Alargarmento da rede de cuidados continuados

"O primeiro-ministro anunciou a antecipação em um ano, para 2009, da meta de ter 8200 camas na rede de cuidados continuados e o reforço de 250 novos médicos especialistas em medicina geral e familiar." [in JN]

Trata-se de uma boa notícia, em especial para os idosos, que têm de conviver com a infelicidade das suas doenças crónicas, num país em que uma elevadíssima percentagem dos mesmos aufere de reformas que se situam no limiar da pobreza, cujo rendimento mensal, por vezes não chega para comer, porque a sua saúde depende de uma panóplia de medicamentos cujo preço (pouco comparticipado pelo governo central) se encontra inflacionado pelo lobby da indústria farmacêutica. Por que estamos a falar de uma faixa etária esquecida (muitas vezes pelos própios familiares), abandonada, desrespeitada e acima de tudo desperdiçada (os velhos podem ensinar-nos tantas coisas).

Por que as doenças crónicas agudizam e levam milhares todos os dias às urgências e aos internamentos hospitalares, e depois de uns dias ou semanas de tratamento, a levar com o mau feitio dos médicos, dos enfermeiros, etc; a situação finalmente estabiliza e dá-se a alta clínica, mas, muitas vezes ficam sequelas ou limitações que os incapacitam para tarefas tão básicas como cuidar da sua higiene, mobilizar-se, comer, seguir correctamente o plano terapêutico, etc. Actividades essas, que realizavam sem dificuldade, até ao dia em que foram parar às urgências.

Por que estas almas foram relegadas à solidão (os filhos e os netos ou emigraram ou estão na cidade, ou simplesmente não querem saber deles), e não têm ninguém que os ajude ou que tome conta deles no domicílio. Por vezes a família que devia procurar apoio e apoiar, só complica. É muito frequente atribuirem a culpa da situação aos próprios profissionais de saúde em frases do tipo: "eu quando trouxe a minha mãe prá urgência ela falava, andava e fazia tudo em casa. Ela agora não anda, não fala, caga-se e mija-se toda, não se mexe, parece um vegetal. Mas afinal ela veio para o hospital e ainda sai daqui pior!? A culpa é vossa! (profissionais de saúde). A minha mãe só sai daqui quando voltar a andar, a falar..."

E é isto, a pobre coitada sofreu um AVC (acidente vascular cerebral) e a família diz que a culpa é do hospital, porque muito boa gente não consegue aceitar o envelhecimento, a doença e a morte, nem em si prórpios nem nos seus familiares.

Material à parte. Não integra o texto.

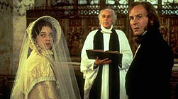 There are certain films which are lacklustre in almost every department except one: the story, particularly if derived from a much-loved novel or play, which retains its essential magical, resonant ingredients. This is definitely the case with Franco Zeffirelli's version of Charlotte Bronte's Jane Eyre. This is a prime example of the Illustrated Classics approach to literary adaptation which film critics love to hate. Zeffirelli's direction is bland, inert, as dull as dishwater in comparison with (for instance) Scorsese's work on The Age of Innocence (1993). Zeffirelli's inexplicable choice of an airy, autumnal, over-lit atmosphere works against the more sombre, gothic aspects of the tale. To make the going even rougher, Zeffirelli and co-writer Hugh Whitemore have taken a thoroughly pre-modern approach to this adaptation – making absolutely no concession to the sophisticated, media-saturated mind-set of a contemporary audience (unlike the contemporary version of Sense and Sensibility [1995]). There is a naïve, creaky, archaic quality to this Jane Eyre, particularly when it comes to the ghostly wailings that haunt Jane's abode at night. Yet there is also something undeniably plaintive about such naïveté, and this is where the magic of Bronte's original re-enters the picture. The soulful pining of Jane (Charlotte Gainsbourg) for love and independence of spirit; sad-eyed Rochester (William Hurt) with his murky past; the gauntlet of social oppressions and humiliations that beset Jane as orphan and then governess – all of this still has the power to move and enthral. The actors are a mixed bag. Several (including Geraldine Chaplin) strut about like pompous secondary players in a bad Merchant Ivory production. Joan Plowright is commendably understated, for a change. Hurt's somewhat mannered interpretation of Rochester is the film's only slightly modern touch. Gainsbourg is luminous in her directness and simplicity – although there are so many sudden reversals of melodramatic fortune in the final stages of this story that she never really achieves the passionate catharsis that the audience longs to experience. MORE Zeffirelli: Tea with Mussolini © Adrian Martin July 1996 |

O que normalmente acontece é o encaminhamento do processo para a assistente social e o consequente prolongamento do internamento hospitalar, até que se resolva a situação social. Digo-vos que pode levar meses, e durante este período ocupam uma cama hospitalar que poderia estar vaga para quem realmente precisa no momento.

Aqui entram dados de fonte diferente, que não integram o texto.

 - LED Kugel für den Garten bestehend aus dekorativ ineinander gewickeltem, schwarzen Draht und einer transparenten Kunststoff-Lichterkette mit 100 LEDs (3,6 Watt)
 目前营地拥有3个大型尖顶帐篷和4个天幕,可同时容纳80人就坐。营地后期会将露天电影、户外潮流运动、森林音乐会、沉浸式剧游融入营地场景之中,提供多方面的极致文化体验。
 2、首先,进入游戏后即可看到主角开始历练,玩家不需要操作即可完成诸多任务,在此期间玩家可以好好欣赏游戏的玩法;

Uma boa rede de cuidados continuados irá certamente ajudar na resolução deste problema. Por um lado irá ajudar na convalescença e na reabilitação das limitações provocadas pelas doenças súbitas, crónicas, ou agudização das mesmas. Por outro lado, constroi uma ponte de ligação entre o hospital e o domicílio, eliminando os internamentos desnecessariamente prolongados, dando tempo às famílias para procurarem soluções e se prepararem do ponto de vista socio-económico, a fim de receber os seus velhos em casa. Ou para conseguirem vaga para os mesmos em lares e casas de repouso (também escassas neste país), nas quais terão assistência 24h por dia, uma cama, roupa lavada, comida saudável..., e acima de tudo, companhia. Para que no mínimo, possam ter uma velhice, um final de vida e uma morte dignas de um ser humano.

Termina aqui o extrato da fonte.